Exact copy, no pictures: every line from the one that contains "What Our Perfumer" through the end of the data below, and nothing else.

DATA BLOCK =>
..........

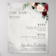 complétez votre événement de mariage rustique avec ce menu de bar de mariage fleurs de paon rose classique élégant. Le design présente de belles fleurs roses, blush, bleues, marine et bordeaux peintes à la main avec des feuilles vertes, soigneusement regroupées en bouquets élégants pour embellir vos cartes d'invitation de mariage.
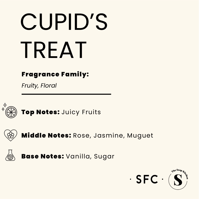 What Our Perfumer Says About Cupid’s Treat Fragrance Oil “Cupid’s Treat is my ode to love’s most delightful moments. Inspired by the first spark of attraction, the fragrance begins with a playful burst of juicy fruits while the heart blooms with a romantic blend of rose, jasmine, and muguet. Finally, to evoke the comforting warmth of an embrace, I wrapped it all in a soft, indulgent base of vanilla and sugar.”
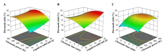 Response surface plots for ultrasound-assisted extraction of flavonoids from Ampelopsis grossedentata leaves; the interaction between ultrasonic power and liquid-to-solid ratio (A), ultrasonic time and liquid-to-solid ratio (B), ultrasonic time and ultrasonic power (C).

..........

RESULT =>
 What Our Perfumer Says About Cupid’s Treat Fragrance Oil “Cupid’s Treat is my ode to love’s most delightful moments. Inspired by the first spark of attraction, the fragrance begins with a playful burst of juicy fruits while the heart blooms with a romantic blend of rose, jasmine, and muguet. Finally, to evoke the comforting warmth of an embrace, I wrapped it all in a soft, indulgent base of vanilla and sugar.”
 Response surface plots for ultrasound-assisted extraction of flavonoids from Ampelopsis grossedentata leaves; the interaction between ultrasonic power and liquid-to-solid ratio (A), ultrasonic time and liquid-to-solid ratio (B), ultrasonic time and ultrasonic power (C).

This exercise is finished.